Onder deze omstandigheden heeft de minister zich jegens CMU niet op onrechtmatige wijze uitgelaten in de media, voor zover verwoord door het dagblad Amigoe.
3.26 In haar- hiervoor gedeeltelijk aangehaalde - brief aan Faimer van 29 september 2008 heeft de minister medegedeeld dat zij het openbaar ministerie zal verzoeken een strafrechtelijk onderzoek te starten naar de verdenking van fraude door CMU. Nu de feitelijke grondslag voor deze mededeling is gelegen in het vaststaande feit dat meergenoemde stukken zijn vervalst en de inhoud daarvan rechtsreeks de belangen van CMU raken, is de mededeling van de minister aan Faimer dat zij onderzoek wenst naar de verdenking van fraude door CMU niet onrechtmatig.

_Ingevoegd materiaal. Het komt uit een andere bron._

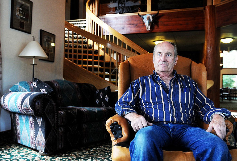 Dennis Rasmussen sits on a chair that was reupholstered with buffalo hide in the lobby of the Greenwood Village Inn and Suites. (Aaric Bryan/Daily Inter Lake)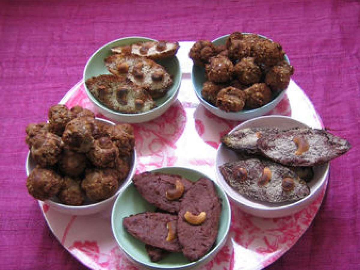 Petits fours à la farine de sarrasin Apéritifmoyen25 min Envoyer cette recette à un ami Imprimer cette page Poser une question à l'auteur Publier votre photo de cette recette Ingrédients 6 6 cuillères à soupe de farine de sarrasin 4 cuillères à soupe de sucre de coco 1 pincée de bicarbonate de soude 1 pincée de sel 2 cuillères à soupe de purée de noisette bio 1 oeuf 1 cuillère à soupe d'eau 80 g de noisettes concassées 1 cuillère à soupe de graines de sésame 1 cuillère à soupe de purée de marron noisettes entières, noix de cajou, sucre en poudre.

3.27 Mitsdien dient ook het onderdeel van de vordering dat strekt tot rectificatie te worden afgewezen.
3.28 Derhalve dient te worden beslist als volgt.
4. De kosten
CMU dient als de in het ongelijk gestelde partij in de kosten van deze procedure, voor zover aan de zijde van het Land gevallen, te worden verwezen.
5. De beslissing
Het gerecht:
- wijst de vordering af;
- veroordeelt CMU in de kosten van deze procedure, voor zover aan de zijde van het Land gevallen en tot op heden begroot op NAf 2.000,- voor slaris gemachtigde.
Dit vonnis is gewezen door mr. F.G.P.M. Spreuwenberg en in aanwezigheid van de griffier in het openbaar uitgesproken op 25 november 2009.